Finding non-negative integer solutions to $3^x + 5^y = a^2$

Question

$3^x+5^y=a^2$ ($x, y, a$ are non-negative integers)

Find all pairs $(x, y)$ which satisfy the equation.

I have found the trivial solution $x=1, y=0$, and I have tried with congruences, but it didn't really get me anywhere.

Answer 1

By observing modulo 4 one could easily prove that $x$ is an odd number. If $x=1$, by observing modulo 3 it is easy to see that $y$ is an even number. If $x>1$, then $x\ge 3$. So, $27 \mid a^2-5^y$. Looking at modulo 27, we have $y$ is an even number (check every possibility for $0<y<18$ odd and $0<a<14$).

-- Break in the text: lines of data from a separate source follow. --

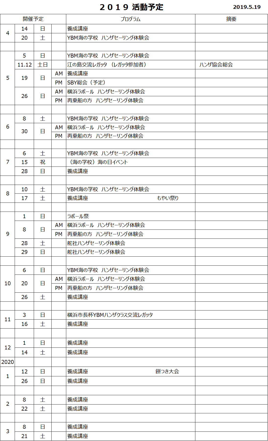 2019年度のスケジュールが確定しました。
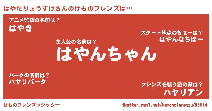 | ポケモン風あだ名 | 『ハヤチュウ』『ヒハヤタリョウスケ』 |
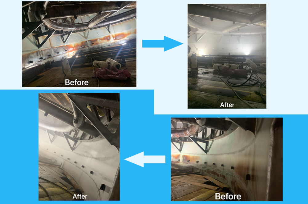 It is imperative that the structural integrity of the scrubber and associated pipework is constantly checked for signs of leakage or corrosion. In view of the acidic nature of the scrubber washwater, correct material selection for the scrubber body, pipework, components and accessories, together with good installation, but also very important, maintenance and repair workmanship are critical to avoid subsequent safety issues.
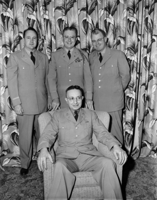 Here to help North Texas manufacturers plan industrial mobilization for national defense were standing, left to right, Major M. T. Gresham, Lieutenant Colonel L. M. Flint and Major J. C. Motter. Seated is their "boss", Colonel Jaromir J. Pospisil chief of the Quartermaster Corps Atlanta mobilization district. Published in Fort Worth Star-Telegram evening October 19, 1950.
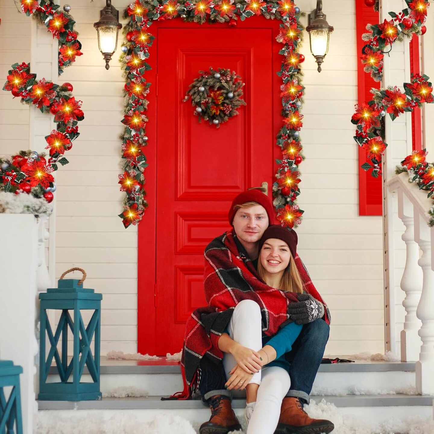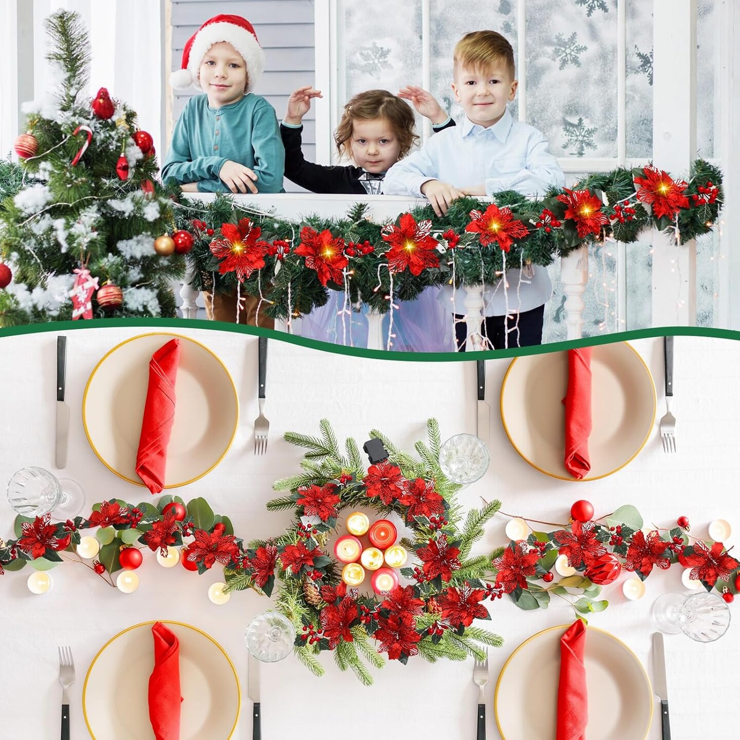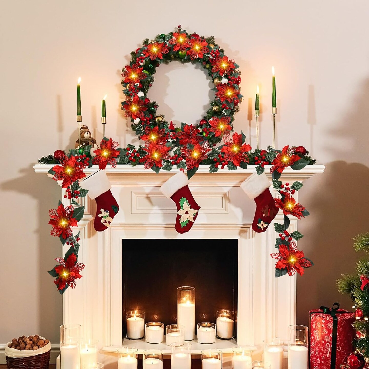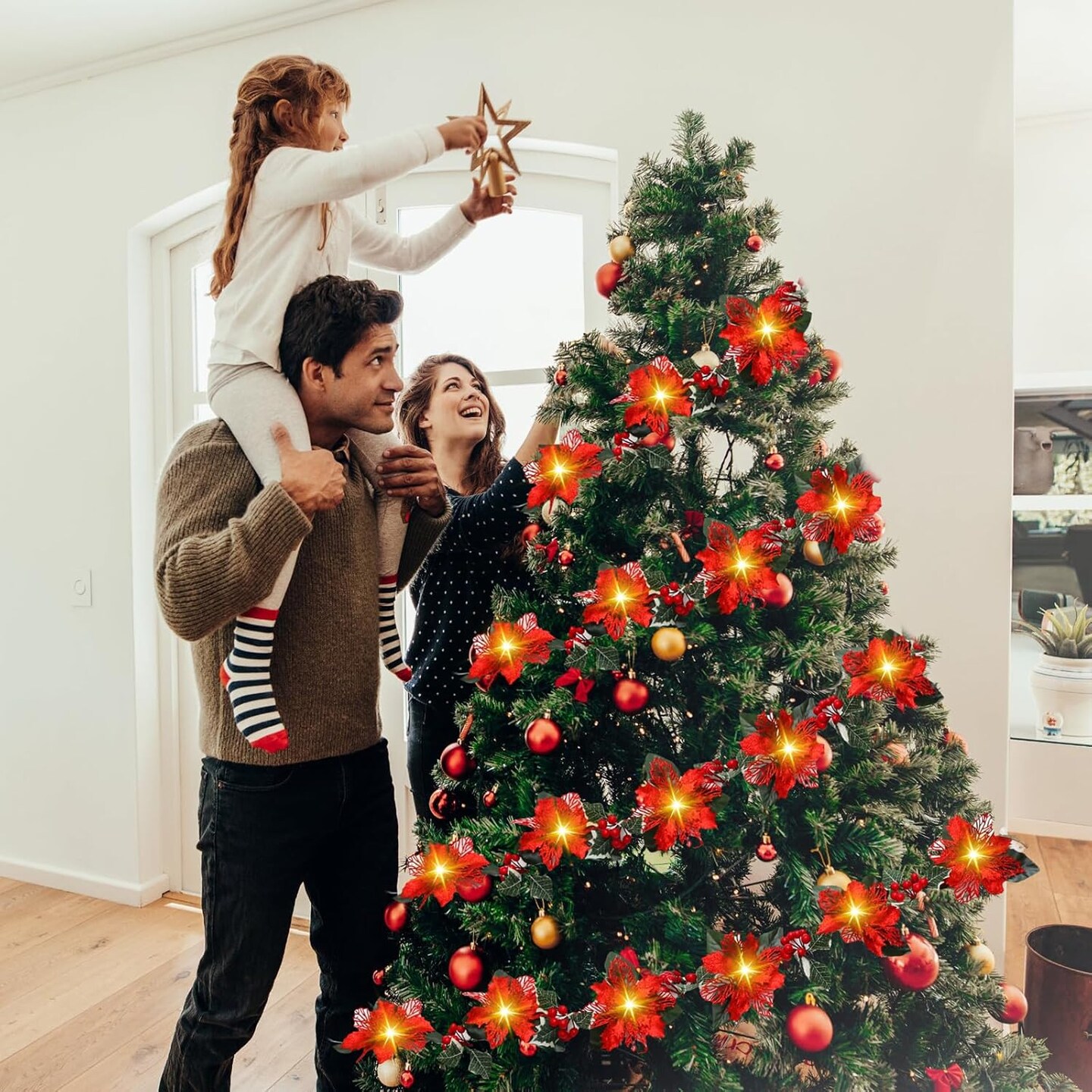 6.5 ft 10 LEDs Faux Flower Xmas String Lights (Red)
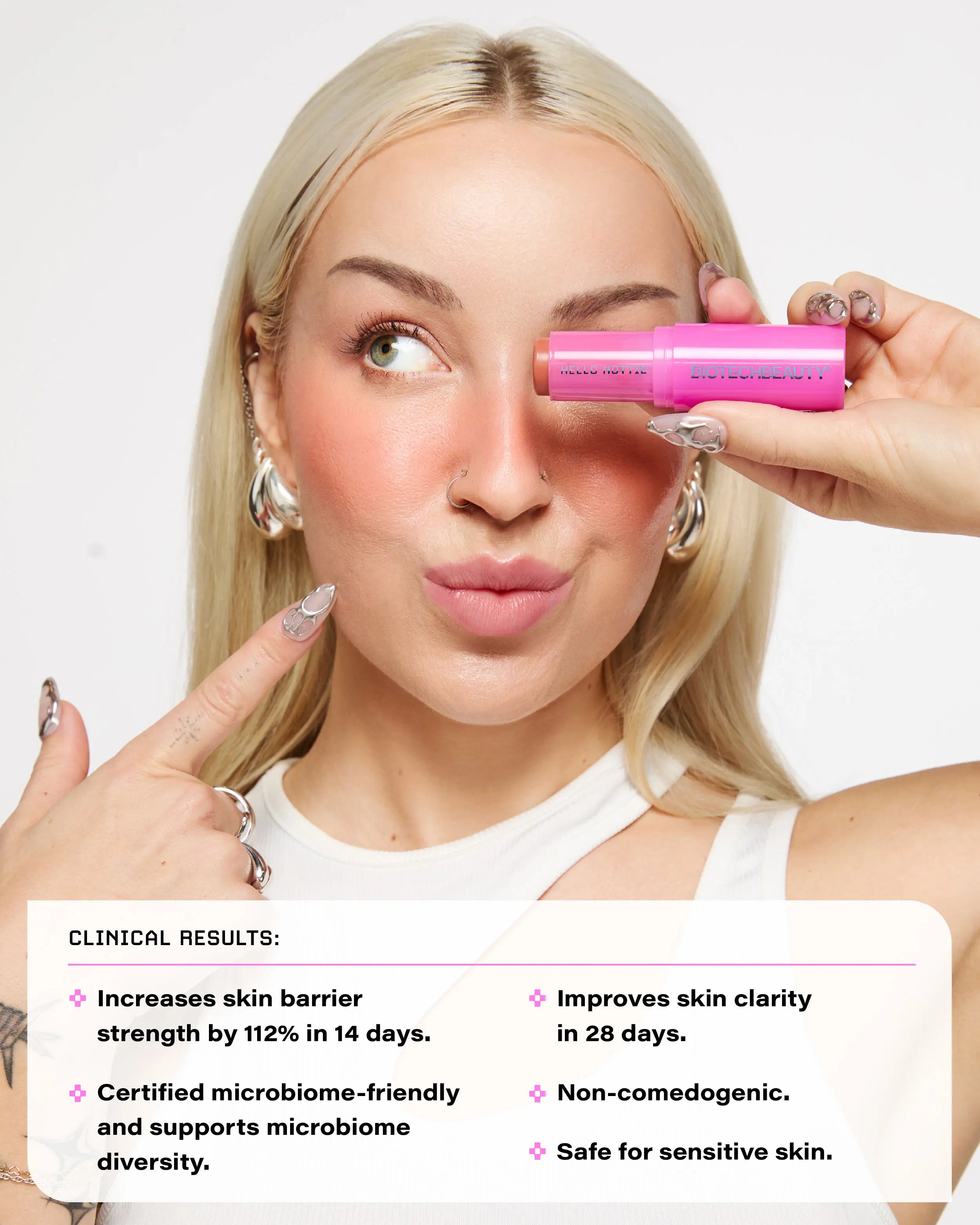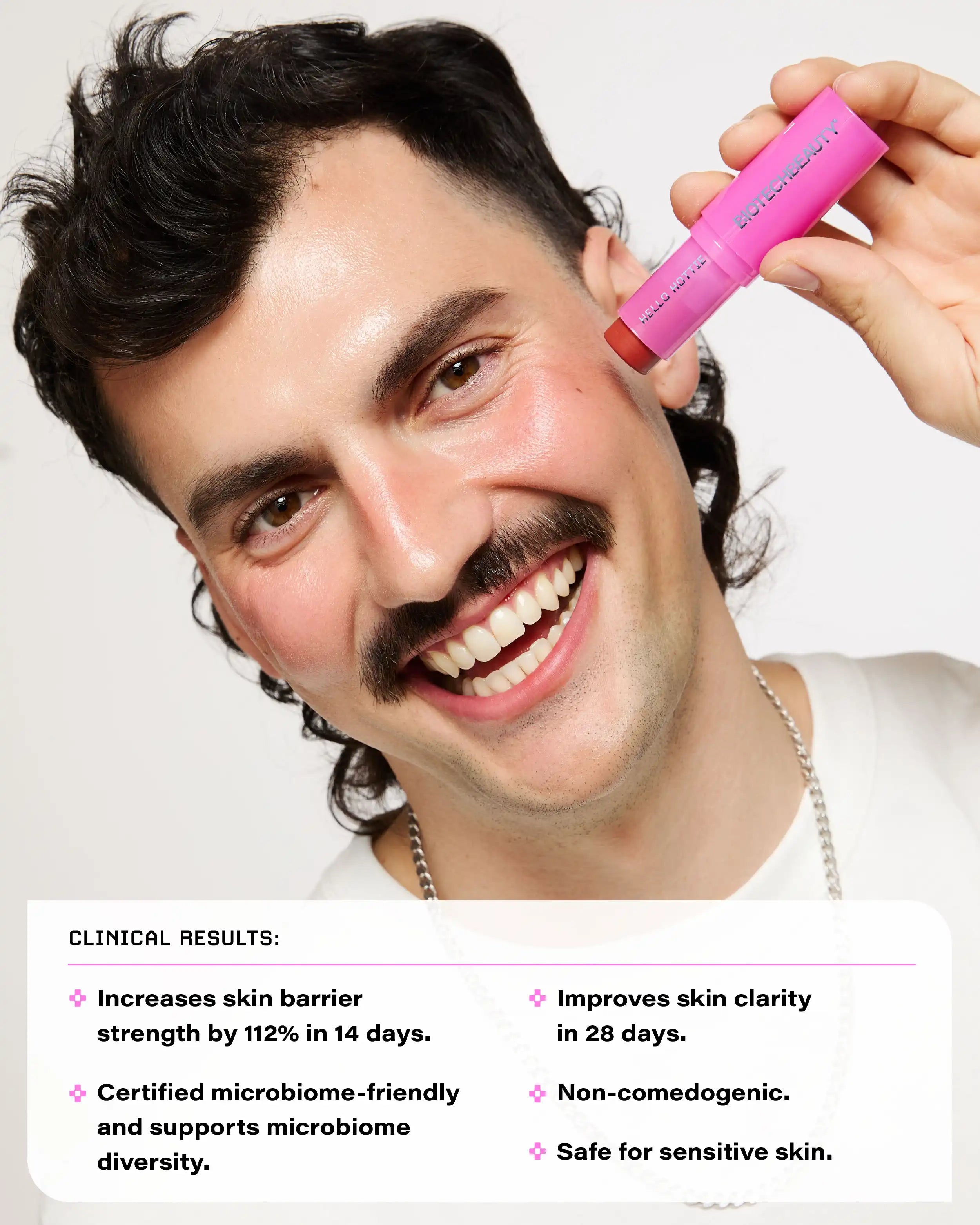 - Improves skin clarity. Based on a comedogenicity study in which participants experienced a 30% reduction in the appearance of comedones after 28 days of using BiomeBlush®.
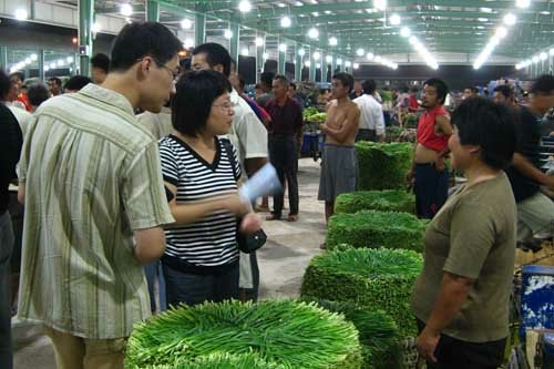 在外菜区交易大棚内,来自盐城大丰的经营户张玉祥正满头大汗地拾掇他的蔬菜。“我今天特意早走的,本以为还会比较挤,没想到交通很顺畅。”为迎接开市,老张和他的6吨蔬菜昨晚八点多钟就到了。他欣喜地说,新市场给他的第一感觉就是交通便利,秩序比以前好,管理也更加严格了。来自山东寿光的老任也有同感。他告诉记者,以前他的运输车从高速公路下来到老交易市场要半个多小时,有时晚到了还要堵上半天,汽车的轰鸣声不时引来周围被吵醒居民的责骂,“现在好了,高速下来一会就到了,还不会堵。” 在1万多平方米的本地菜交易大棚内,来自朝阳各蔬菜基地的2000多户菜农,整齐有序地将各自蔬菜排成长长的四列。鸿山镇菜农侯建南指着整齐摆放着的三筐韭菜说:“这个地方多舒畅啊,以前只能在前面摆一筐,像我现在占的位置在老市场要挤三个人呢。”一旁的菜农孙永明接话说:“你看现在两排菜之间的过道有3米左右呢,以前根本就没过道,筐挨筐人挤人,地面高高低低,底下都是菜滴下的水,现在干干净净的。”最令他们高兴的还是可以节省不少时间,他们告诉记者,以前老市场交易场所小,他们都是要在前一天下午5点左右就进场,挨到次日凌晨才开始交易,凌晨三四点交易结束后,由于交通阻塞,根本就出不去,只好等到早晨六七点钟才能离开。如今不一样了,可以晚来早退市,在市场熬夜的时间从原来10多个小时缩短到四五个小时,人舒服多了。

Let $y=2t$, $3^x=a^2-5^{2t}=(a+5^t)(a-5^t)$, clearly one of $a+5^t$ or $a-5^t$ is not divisible by 3, so one of them is 1. It follows that $a=5^t+1$. So $2\cdot 5^t+1=3^x$, $2.5^t=3^x-1$. Clearly $x=1$ generate a solution and $x=0,2,3,4$ does not. Clearly $2\mid 3^1-1$ and $5\mid 3^4-1$. For $x>4$, from Zsigmondy's theorem it follows that there are other prime beside $2$ and $5$ that divides $3^x-1$. Hence, the only non-negative integer solution is $x=1$, $y=0$.